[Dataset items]
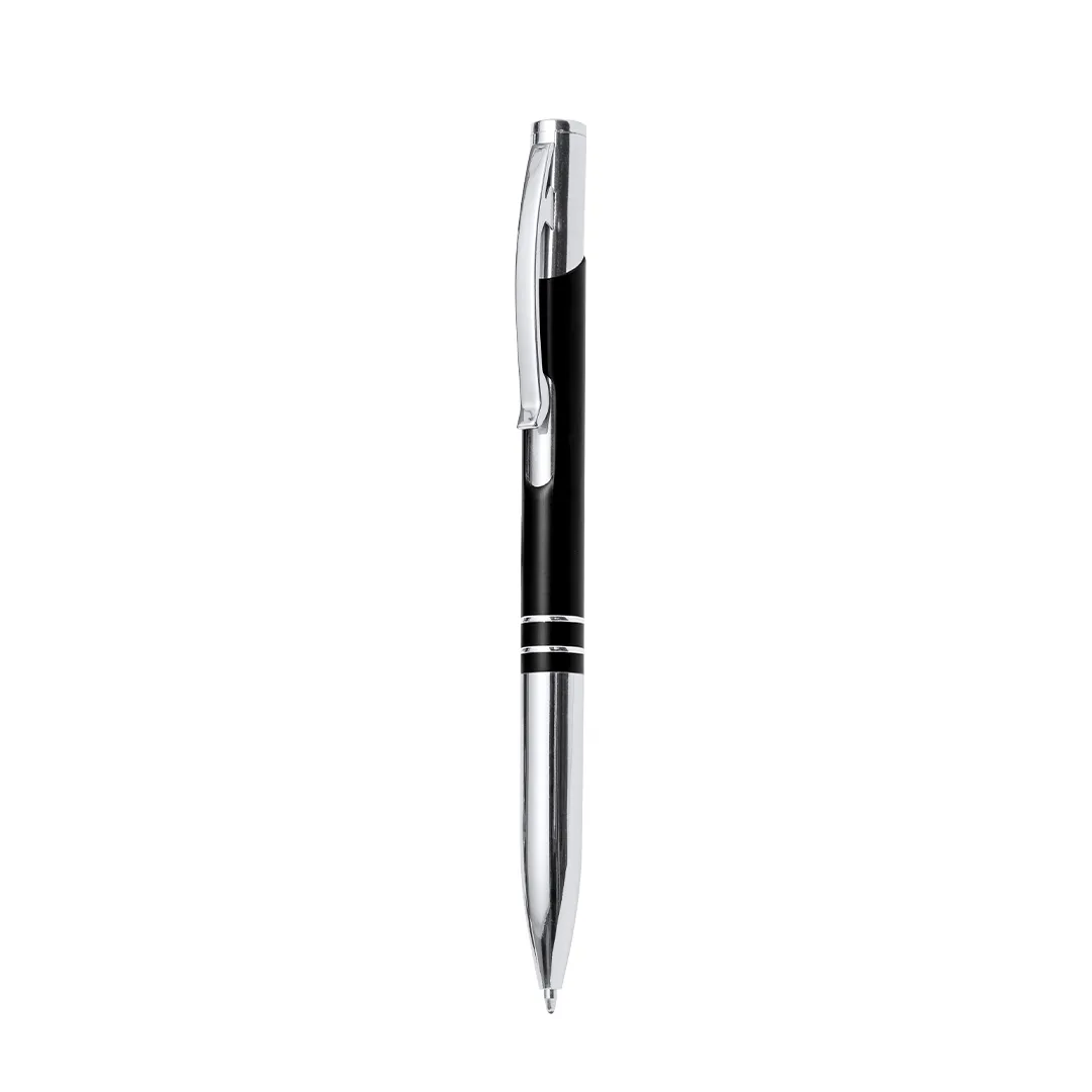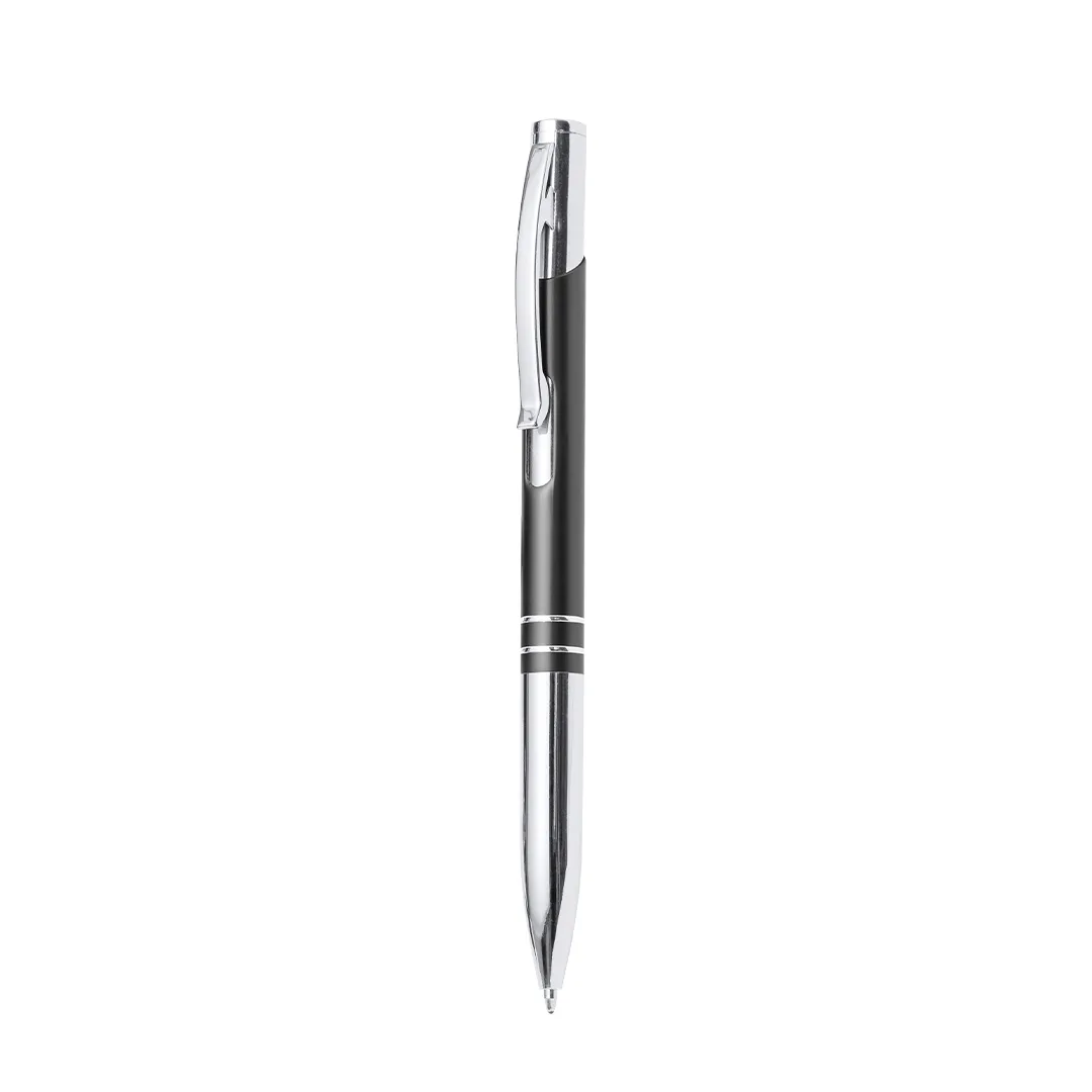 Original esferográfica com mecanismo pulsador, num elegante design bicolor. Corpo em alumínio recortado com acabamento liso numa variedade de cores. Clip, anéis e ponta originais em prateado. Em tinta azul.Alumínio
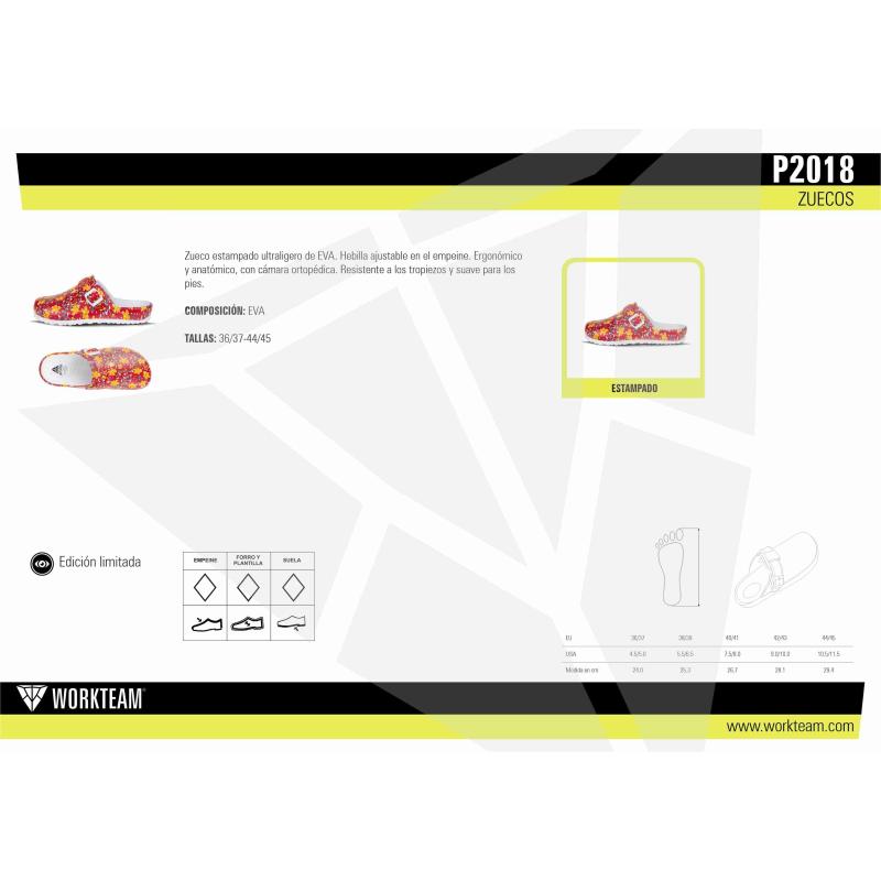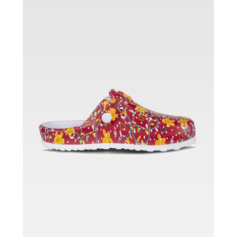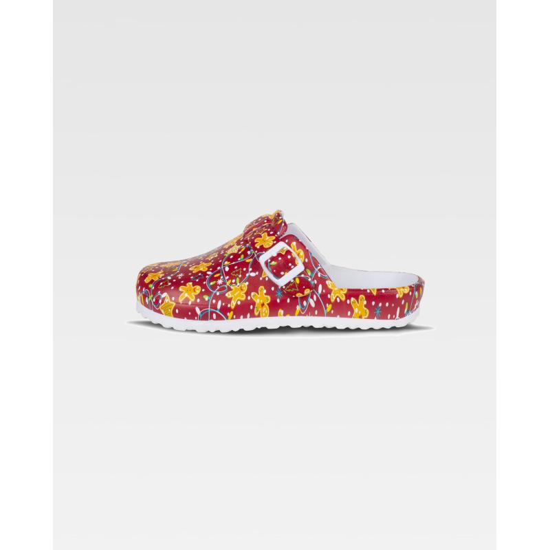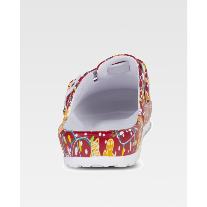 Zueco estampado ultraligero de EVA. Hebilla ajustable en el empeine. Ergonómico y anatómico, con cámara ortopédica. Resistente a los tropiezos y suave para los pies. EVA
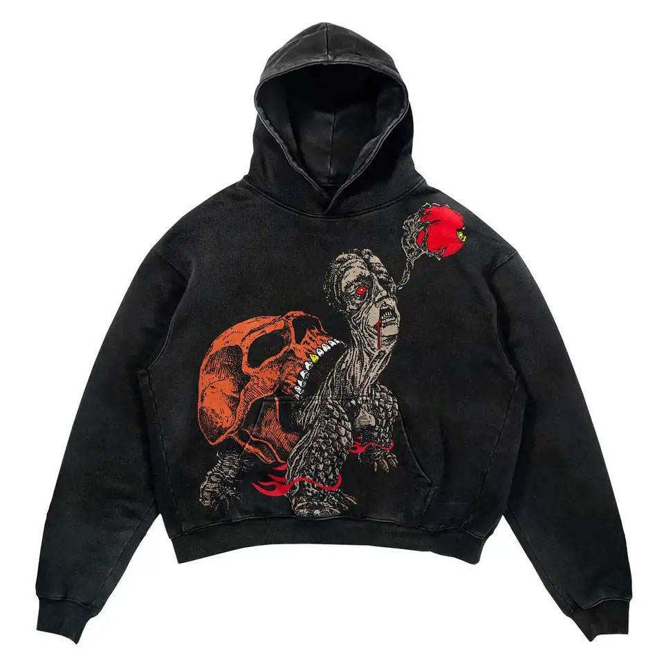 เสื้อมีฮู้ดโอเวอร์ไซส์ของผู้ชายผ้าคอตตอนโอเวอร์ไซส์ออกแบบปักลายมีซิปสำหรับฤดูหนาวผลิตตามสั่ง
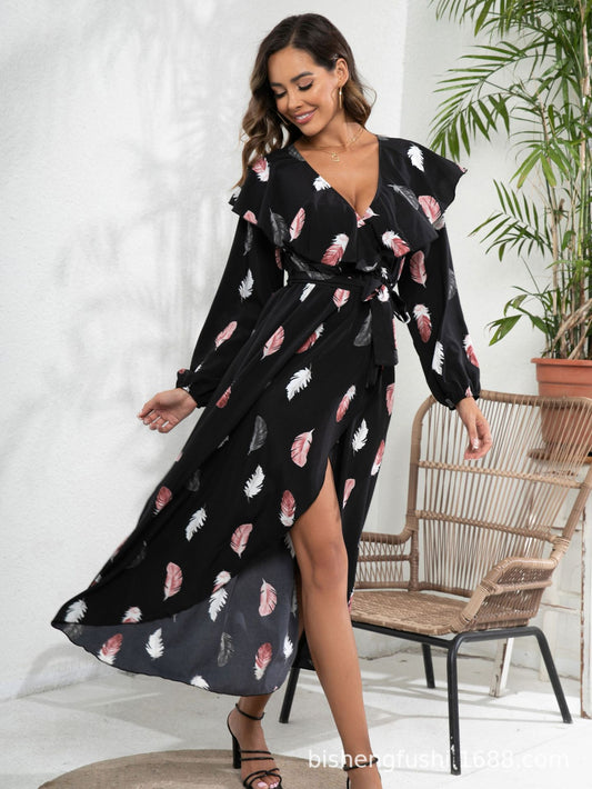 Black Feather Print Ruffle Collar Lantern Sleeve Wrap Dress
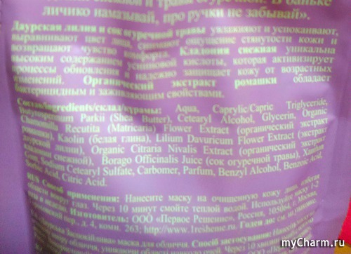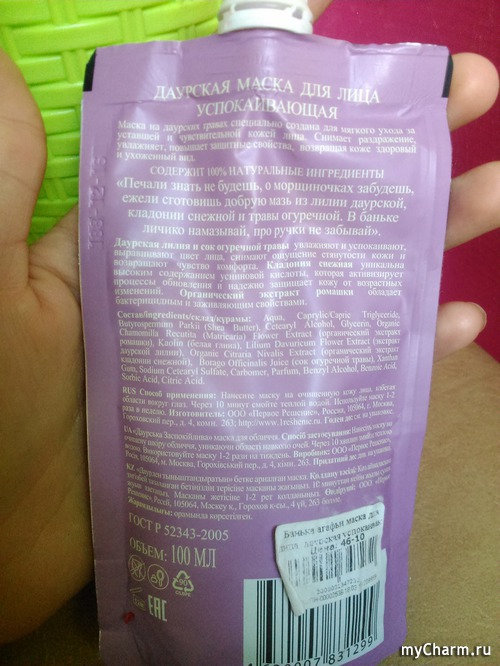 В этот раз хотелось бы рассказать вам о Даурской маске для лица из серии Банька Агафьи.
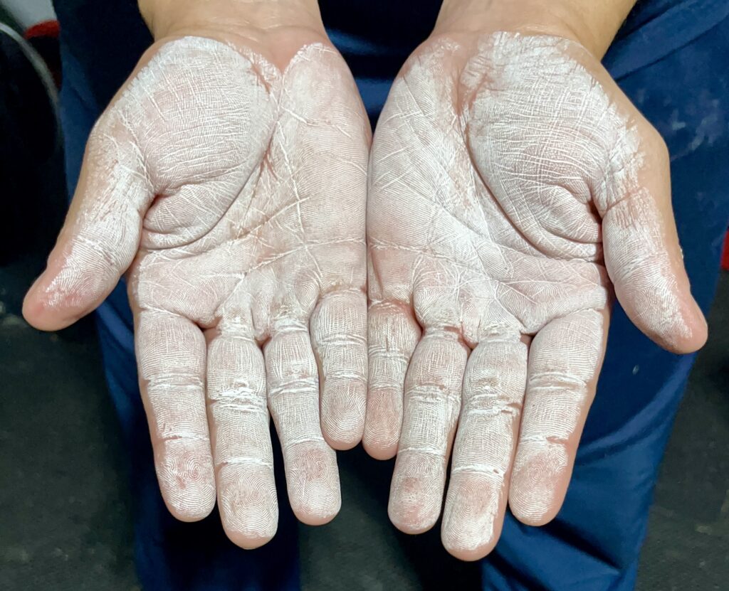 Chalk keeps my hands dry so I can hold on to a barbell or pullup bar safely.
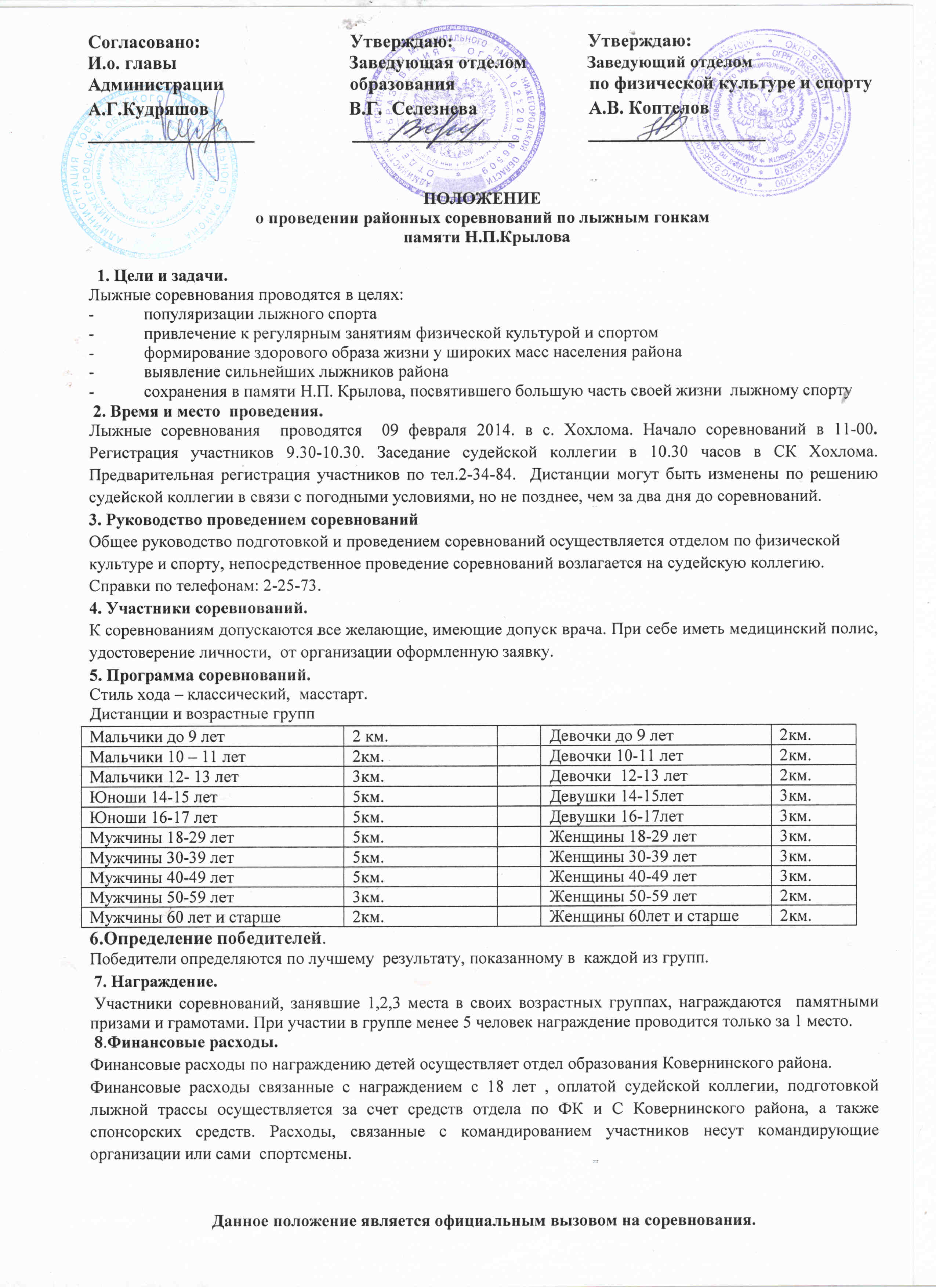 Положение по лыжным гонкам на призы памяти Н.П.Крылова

WORK REQUIRED
Every record must be duplicated exactly, except for the pictures, which are left out.

ANSWER BOX
 Original esferográfica com mecanismo pulsador, num elegante design bicolor. Corpo em alumínio recortado com acabamento liso numa variedade de cores. Clip, anéis e ponta originais em prateado. Em tinta azul.Alumínio
 Zueco estampado ultraligero de EVA. Hebilla ajustable en el empeine. Ergonómico y anatómico, con cámara ortopédica. Resistente a los tropiezos y suave para los pies. EVA
 เสื้อมีฮู้ดโอเวอร์ไซส์ของผู้ชายผ้าคอตตอนโอเวอร์ไซส์ออกแบบปักลายมีซิปสำหรับฤดูหนาวผลิตตามสั่ง
 Black Feather Print Ruffle Collar Lantern Sleeve Wrap Dress
 В этот раз хотелось бы рассказать вам о Даурской маске для лица из серии Банька Агафьи.
 Chalk keeps my hands dry so I can hold on to a barbell or pullup bar safely.
 Положение по лыжным гонкам на призы памяти Н.П.Крылова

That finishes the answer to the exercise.